1. A means for processing an input signal from any one of a television camera, an ultrasonic sensor, an infrared sensor and the like to detect a person's position, and processing an input signal from a microphone array to detect a sound source position. And a means for determining the speaker position by processing the two types of information together, so that a speaker at an arbitrary position within the sensing range can be detected. Position detection device.
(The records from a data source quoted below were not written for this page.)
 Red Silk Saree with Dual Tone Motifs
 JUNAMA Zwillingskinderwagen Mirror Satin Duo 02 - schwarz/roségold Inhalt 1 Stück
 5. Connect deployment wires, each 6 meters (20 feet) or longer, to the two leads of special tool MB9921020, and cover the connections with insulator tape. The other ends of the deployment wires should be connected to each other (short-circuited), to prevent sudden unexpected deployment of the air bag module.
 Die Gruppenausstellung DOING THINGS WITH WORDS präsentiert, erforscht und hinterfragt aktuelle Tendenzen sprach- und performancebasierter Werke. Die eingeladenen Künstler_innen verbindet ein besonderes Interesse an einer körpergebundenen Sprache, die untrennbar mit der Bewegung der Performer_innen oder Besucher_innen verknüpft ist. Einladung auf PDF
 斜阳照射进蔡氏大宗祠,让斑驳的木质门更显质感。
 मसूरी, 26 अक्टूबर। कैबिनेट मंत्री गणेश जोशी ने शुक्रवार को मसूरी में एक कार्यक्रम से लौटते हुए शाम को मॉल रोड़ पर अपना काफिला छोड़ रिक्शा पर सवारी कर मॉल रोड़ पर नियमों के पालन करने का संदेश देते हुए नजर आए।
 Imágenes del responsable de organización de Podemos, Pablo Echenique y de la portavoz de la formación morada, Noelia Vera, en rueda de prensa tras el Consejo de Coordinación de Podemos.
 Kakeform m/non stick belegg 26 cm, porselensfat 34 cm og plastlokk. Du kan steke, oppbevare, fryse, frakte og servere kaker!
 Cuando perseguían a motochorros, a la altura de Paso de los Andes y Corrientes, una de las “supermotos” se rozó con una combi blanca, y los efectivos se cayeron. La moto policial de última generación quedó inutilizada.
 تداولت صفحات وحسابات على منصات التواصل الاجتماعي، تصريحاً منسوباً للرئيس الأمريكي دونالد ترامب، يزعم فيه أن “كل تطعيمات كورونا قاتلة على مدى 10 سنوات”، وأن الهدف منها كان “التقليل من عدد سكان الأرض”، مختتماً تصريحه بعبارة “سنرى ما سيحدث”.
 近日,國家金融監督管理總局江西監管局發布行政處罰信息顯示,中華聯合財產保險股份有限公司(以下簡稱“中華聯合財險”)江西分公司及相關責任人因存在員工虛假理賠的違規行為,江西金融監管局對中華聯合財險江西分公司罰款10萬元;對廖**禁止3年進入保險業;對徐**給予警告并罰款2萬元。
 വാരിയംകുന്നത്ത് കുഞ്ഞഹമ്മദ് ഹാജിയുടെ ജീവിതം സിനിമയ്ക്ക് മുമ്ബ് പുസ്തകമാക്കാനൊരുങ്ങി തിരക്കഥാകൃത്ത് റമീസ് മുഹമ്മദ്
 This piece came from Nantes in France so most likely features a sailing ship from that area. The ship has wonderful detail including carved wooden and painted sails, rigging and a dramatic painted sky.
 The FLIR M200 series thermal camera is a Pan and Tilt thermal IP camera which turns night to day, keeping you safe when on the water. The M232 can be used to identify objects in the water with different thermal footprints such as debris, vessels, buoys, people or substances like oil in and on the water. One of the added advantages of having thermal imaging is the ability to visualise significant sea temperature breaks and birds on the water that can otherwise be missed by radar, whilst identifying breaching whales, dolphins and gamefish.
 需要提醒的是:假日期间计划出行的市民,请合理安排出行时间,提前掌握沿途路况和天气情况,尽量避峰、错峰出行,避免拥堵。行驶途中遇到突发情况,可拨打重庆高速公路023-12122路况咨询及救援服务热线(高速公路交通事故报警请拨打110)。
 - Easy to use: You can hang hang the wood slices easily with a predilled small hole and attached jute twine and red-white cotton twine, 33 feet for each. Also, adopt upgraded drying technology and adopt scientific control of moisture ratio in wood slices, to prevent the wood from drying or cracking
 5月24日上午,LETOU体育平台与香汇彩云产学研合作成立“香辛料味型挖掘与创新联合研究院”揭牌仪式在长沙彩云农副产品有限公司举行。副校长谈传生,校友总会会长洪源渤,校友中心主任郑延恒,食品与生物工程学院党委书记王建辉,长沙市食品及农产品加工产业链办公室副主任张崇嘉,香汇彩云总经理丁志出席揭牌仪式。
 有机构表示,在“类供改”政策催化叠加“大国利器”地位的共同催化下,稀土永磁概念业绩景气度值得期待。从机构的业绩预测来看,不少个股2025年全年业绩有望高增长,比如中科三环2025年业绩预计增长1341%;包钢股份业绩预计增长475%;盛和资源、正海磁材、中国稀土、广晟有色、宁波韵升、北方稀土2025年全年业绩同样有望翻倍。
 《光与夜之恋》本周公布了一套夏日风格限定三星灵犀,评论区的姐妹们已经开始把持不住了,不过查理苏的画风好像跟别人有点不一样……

2. The method according to claim 1, wherein when the horizontal direction within the sensing range viewed from the sensor is X, the vertical direction is Y, and the depth direction is Z, the position in the XY direction of the image is determined as the speaker position detecting means. A speaker position detecting apparatus for determining a position in a Z direction from a sound source and detecting a speaker position.

3. A speaker according to claim 1, wherein the sensor is rotatable so that even if a speaker is present in the blind spot of the sensor, the speaker is detected based on the sound source position to detect the speaker in the blind spot. A speaker position detecting device, which is enabled.